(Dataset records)
━━━

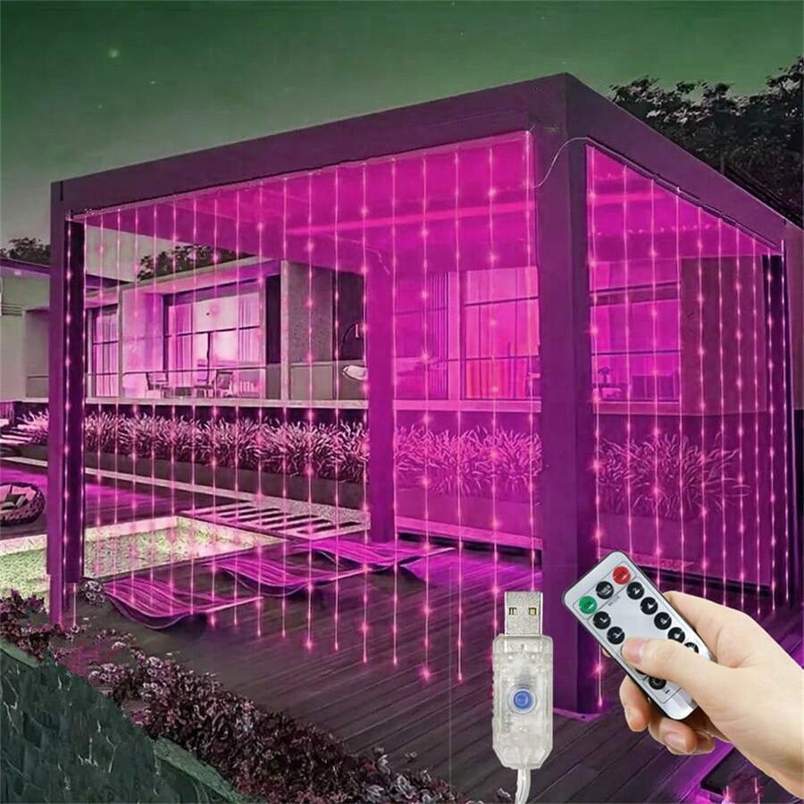 USB供电LED窗帘灯串,8种模式,带遥控器,适用于派对、家居、卧室、厨房、花园、婚礼、斋月、情人节、生日、露营、背景装饰、户外等场合的装饰灯。
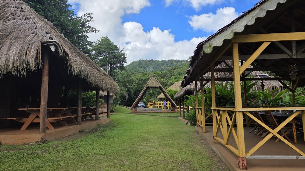 We also learned that there were some indigenous foods and dishes local to Dominica, including cassava bread, that could primarily be found in Kalinago Territory. We had found a few bakeries in the area that claimed to have cassava bread, but one no longer existed and the second was at least closed for the season. We were feeling a bit worried that our quest for cassava bread might be futile. After striking out initially, we visited the cultural center, Kalinago Barana Autê. We had attempted to book a full day or food tour, but it being the holiday season, those were not available. Fortunately, we were able to get a short tour with Austin, a great guide who gave us information about the stunningly gorgeous land and its plants, along with an overview of Kalinago. There was a restaurant and craft shop on site, but no cassava bread to be found.
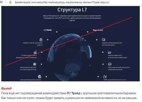 Далее представлен вывод одного интернет-портала, который провел исследование о конторе L7 Trade. В нем сказано, что проект вовсе не является мультивалютным межбиржевым обменом, так как это просто обычный хайп, который заточен на выкачивание денег из карманов неопытных интернет-пользователей.
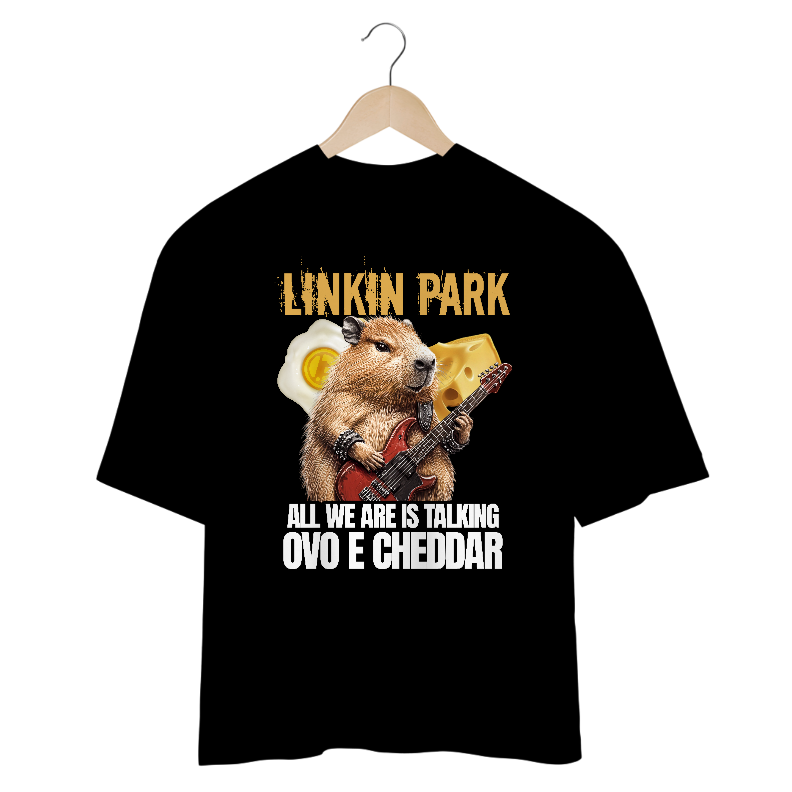 Agora não dá mais pra ouvir 'Over Each Other' sem cantar 'Ovo e Cheddar'! Essa camiseta é pra quem ama Linkin Park e não perde a chance de entrar na brincadeira.
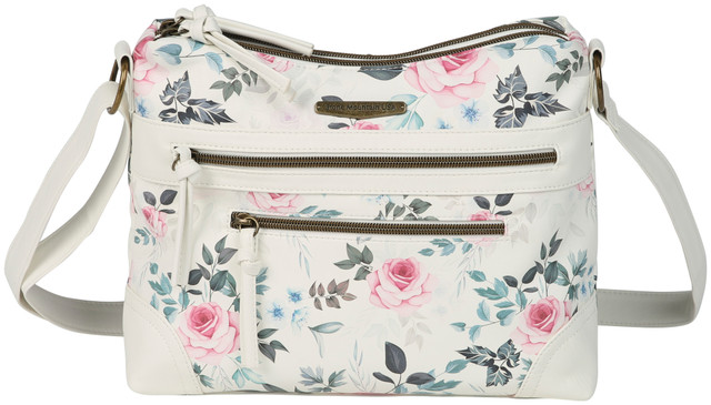 The Vintage Rose Irene Hobo Bag features a floral design on a soft vegan leather fabrication, three exterior zipper pockets, an adjustable crossbody strap, and a top zipper closure. The lined interior contains one zip and two slip pockets total. Measures 10 in x 3 in x 9 in
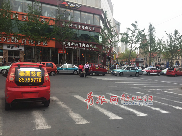 進(jìn)入5月中下旬,來青島旅游的外地游客數(shù)量逐漸增多,在火車站附近的公交站,隨處可以看到拎著大包小包的行李、排著長隊等待公交車的旅客。在華聯(lián)商廈附近的公交站前,除了停在此處等待拉客的出租車外,還有近十輛醒目的紅色四輪代步車,車體上印著“海底世界、海洋世界、嶗山“等景點名稱,以及手寫的”票價1元?!?/p>
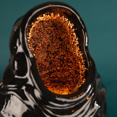 Part of Daniel's "Familiar Souls" series. "Doug" stands pridefully at 20" high and 16" wide. The classic loyal soul, Doug spends his time anticipating other's interactions. Doug's comfort with his flappy physique is apparent in the glossy black glaze he chooses to adorn. His large mouth signifies openness and is seen as a sign of vulnerability among the soul community. The light source surrounded by thousands of 24k gold extrusions buried within is designed to invite further connection. While part of a series, Doug is one of a kind.

━━━

Task details
Reproduce every line above as written, skipping pictures.

Result of the task
 USB供电LED窗帘灯串,8种模式,带遥控器,适用于派对、家居、卧室、厨房、花园、婚礼、斋月、情人节、生日、露营、背景装饰、户外等场合的装饰灯。
 We also learned that there were some indigenous foods and dishes local to Dominica, including cassava bread, that could primarily be found in Kalinago Territory. We had found a few bakeries in the area that claimed to have cassava bread, but one no longer existed and the second was at least closed for the season. We were feeling a bit worried that our quest for cassava bread might be futile. After striking out initially, we visited the cultural center, Kalinago Barana Autê. We had attempted to book a full day or food tour, but it being the holiday season, those were not available. Fortunately, we were able to get a short tour with Austin, a great guide who gave us information about the stunningly gorgeous land and its plants, along with an overview of Kalinago. There was a restaurant and craft shop on site, but no cassava bread to be found.
 Далее представлен вывод одного интернет-портала, который провел исследование о конторе L7 Trade. В нем сказано, что проект вовсе не является мультивалютным межбиржевым обменом, так как это просто обычный хайп, который заточен на выкачивание денег из карманов неопытных интернет-пользователей.
 Agora não dá mais pra ouvir 'Over Each Other' sem cantar 'Ovo e Cheddar'! Essa camiseta é pra quem ama Linkin Park e não perde a chance de entrar na brincadeira.
 The Vintage Rose Irene Hobo Bag features a floral design on a soft vegan leather fabrication, three exterior zipper pockets, an adjustable crossbody strap, and a top zipper closure. The lined interior contains one zip and two slip pockets total. Measures 10 in x 3 in x 9 in
 進(jìn)入5月中下旬,來青島旅游的外地游客數(shù)量逐漸增多,在火車站附近的公交站,隨處可以看到拎著大包小包的行李、排著長隊等待公交車的旅客。在華聯(lián)商廈附近的公交站前,除了停在此處等待拉客的出租車外,還有近十輛醒目的紅色四輪代步車,車體上印著“海底世界、海洋世界、嶗山“等景點名稱,以及手寫的”票價1元?!?/p>
 Part of Daniel's "Familiar Souls" series. "Doug" stands pridefully at 20" high and 16" wide. The classic loyal soul, Doug spends his time anticipating other's interactions. Doug's comfort with his flappy physique is apparent in the glossy black glaze he chooses to adorn. His large mouth signifies openness and is seen as a sign of vulnerability among the soul community. The light source surrounded by thousands of 24k gold extrusions buried within is designed to invite further connection. While part of a series, Doug is one of a kind.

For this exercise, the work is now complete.